Cinta Bersemi Kembali di Balai Nikah KUA Cluring: Mohamad Kolili dan Lilik Nur Indahsari Resmi Rujuk


 

Banyuwangi (KUA Cluring) – Pagi yang cerah di awal pekan menjadi saksi bersatunya kembali dua hati yang sempat terpisah.
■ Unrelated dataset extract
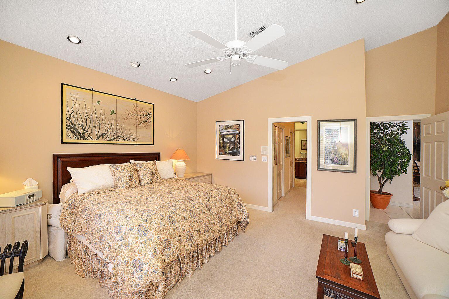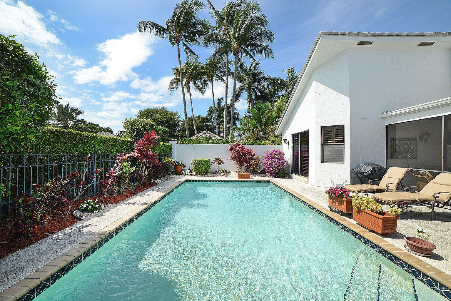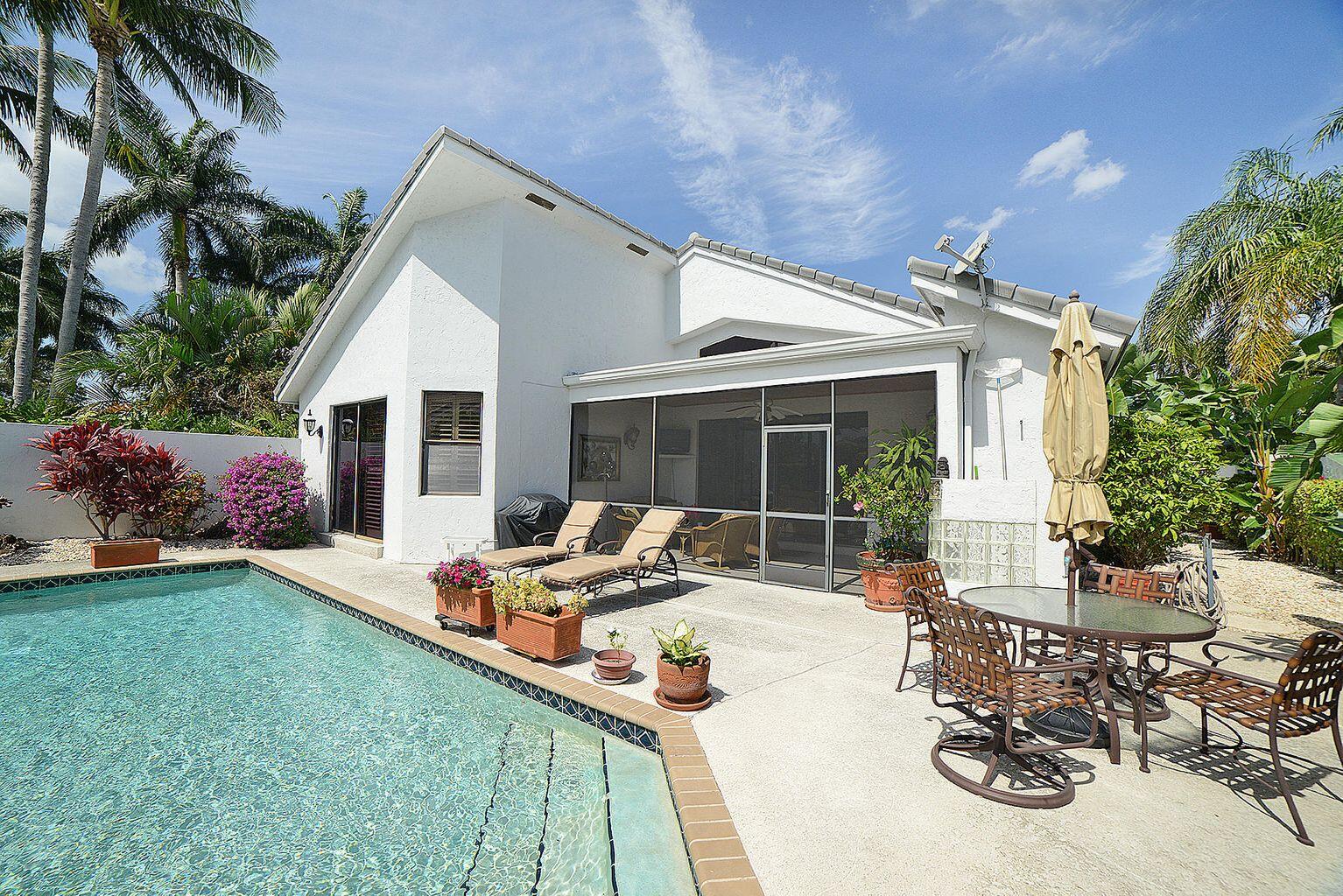 For those wanting to escape winter's cold for Florida sunshine, this 2 bedroom + convertible den, 2.5 bath home, located in the Fairway Bend village of Broken Sound is the perfect getaway. Inside you will find an open floor plan with light and bright vaulted ceilings & neutral colors throughout. The large primary bedroom is decorated with elegant plantation shutters, features a large walk-in closet & offers direct access to the private backyard patio. The skylight in the primary en suite bath allows an abundance of natural light on the dual sinks, jacuzzi tub & walk in shower. The open eat in kitchen has plenty of counter space, stainless appliances and storage pantry. The outdoor space is perfect for relaxing & entertaining beside your private pool with beautiful landscaping & privacy.

Pada Senin (26/01/2026), suasana haru sekaligus bahagia menyelimuti Balai Nikah Kantor Urusan Agama (KUA) Kecamatan Cluring, Kabupaten Banyuwangi, saat pasangan Mohamad Kolili dan Lilik Nur Indahsari resmi melaksanakan Rujuk, menandai kembalinya mereka dalam ikatan suci pernikahan.

 

Pasangan ini sebelumnya diketahui telah berpisah melalui proses Cerai Talak yang tercatat di Pengadilan Agama Banyuwangi pada 12 November 2025. Namun demikian, perjalanan rumah tangga yang sempat terhenti tersebut kembali menemukan jalannya.

 

Hanya berselang kurang lebih dua bulan sejak putusan cerai, kesadaran bersama, niat tulus untuk memperbaiki diri, serta harapan membangun kembali keluarga yang sakinah membawa keduanya kembali menghadap Kepala KUA Kecamatan Cluring, Gufron Musthofa, untuk melaksanakan proses rujuk sesuai ketentuan syariat Islam dan peraturan perundang-undangan yang berlaku.

 

Dalam keterangannya, Kepala KUA Cluring menyampaikan bahwa rujuk merupakan salah satu bentuk rahmat dalam Islam, yang memberikan kesempatan kepada pasangan suami istri untuk memperbaiki rumah tangga selama masih dalam masa iddah. Ia juga menekankan pentingnya komunikasi, saling memahami, dan komitmen bersama agar peristiwa serupa tidak kembali terulang di masa mendatang.

 


“Rujuk bukan sekadar kembali bersama, tetapi menjadi momentum evaluasi dan perbaikan diri, agar rumah tangga yang dibangun ke depan lebih kuat, harmonis, dan penuh tanggung jawab,” ungkapnya.

 

Prosesi rujuk berlangsung dengan khidmat dan tertib, disaksikan oleh para pihak terkait, serta dicatat secara resmi oleh KUA Kecamatan Cluring sebagai bentuk pelayanan administrasi dan kepastian hukum bagi masyarakat.

 

Dengan terlaksananya rujuk ini, diharapkan pasangan Mohamad Kolili dan Lilik Nur Indahsari dapat kembali membangun bahtera rumah tangga yang sakinah, mawaddah, dan rahmah, serta menjadi contoh bahwa setiap permasalahan rumah tangga masih memiliki jalan penyelesaian yang baik apabila dilandasi niat dan kesungguhan Bersama (gun).